Creating a function that does the whole process for a text put in argument.

In [120]:
def sumScores(file):
    open_file = open(file, 'r', encoding='utf-8')
    file_to_string = open_file.read()
    
    text_replaced = replacer.replace(file_to_string)
    
    tokenizer=nltk.data.load('tokenizers/punkt/english.pickle')
    sentences = tokenizer.tokenize(text_replaced)
    
    from nltk.tokenize import RegexpTokenizer
    tokenizer=RegexpTokenizer("[\w]+")

    for i in range(len(sentences)):
        sentences[i] = tokenizer.tokenize(sentences[i])
        
    tagged_sent = []
    for sentence in sentences:
        tagged_sent.append(tagger.tag(sentence))
        
    scores = []
    for sentence in tagged_sent:
        list_scores = []
        for word in sentence:
            list_scores.append(word_scores(word))
        scores.append(list_scores)
        
    sum_score = []
    for list_score in scores:
        pos, neg, obj = 0.0, 0.0, 0.0
        for score in list_score:
            pos += score[0]
            neg += score[1]
            obj += score[2]
        if(len(list_score) != 0):
            sum_score.append([pos/len(list_score), neg/len(list_score), obj/len(list_score)])
        else:
            sum_score.append([0.0, 0.0, 0.0])
        
    pos, neg, obj = 0.0, 0.0, 0.0
    for score in sum_score:
        pos += score[0]
        neg += score[1]
        obj += score[2]
    if(len(sum_score) != 0):
        pos /= len(sum_score)
        neg /= len(sum_score)
        obj /= len(sum_score)
    return([pos, neg, obj])
    
sumScores('data/review_polarity/txt_sentoken/pos/cv000_29590.txt')

[0.022104363763838723, 0.025550012719126575, 0.18265805224130563]

Let's try that scoring technique on all positive reviews and see how it performs.

In [125]:
import os
pos_reviews = os.listdir('data/review_polarity/txt_sentoken/pos')
neg_reviews = os.listdir('data/review_polarity/txt_sentoken/pos')
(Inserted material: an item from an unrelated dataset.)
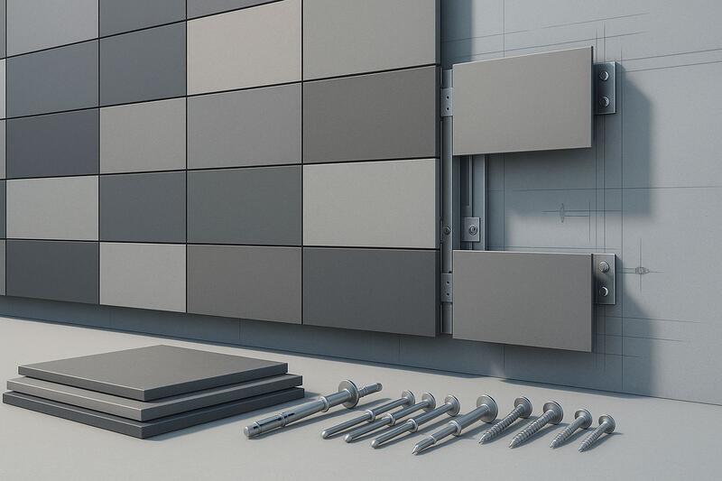 Керамогранит, HPL, фиброцемент, композитные кассеты (ACM), стальные/алюминиевые кассеты, сайдинг, натуральный камень — плотность, толщина и формат плит определяют диаметр и тип крепления, схему раскладки точек, зазоры и необходимость компенсаторов.
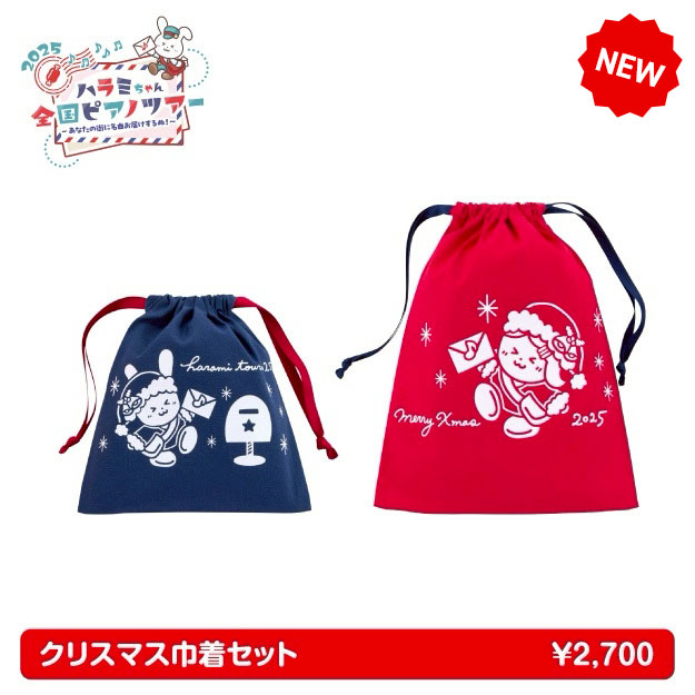 サンタ衣装のハラミちゃん&ウサミちゃんがとっても可愛い巾着セットに、ハラミちゃん切手キーホルダー。

__First decision :__ We choose the highest value (between neg and pos) to determine if a review is positive or negative.

In [147]:
pos, neg = 0, 0
for review in pos_reviews:
    if(review[0] != 'c'):
        continue
    score = sumScores('data/review_polarity/txt_sentoken/pos/'+review)
    if(score[0] > score[1]):
        pos += 1
    else:
        neg +=1
print(pos, neg)

441 559


On a thousand positive reviews, 441 are marked as positive and 559 as negative. 

We can see that this technique is not accurate at all. The objective now is to find a threshold between the positive score and the negative score that will give more accurate results.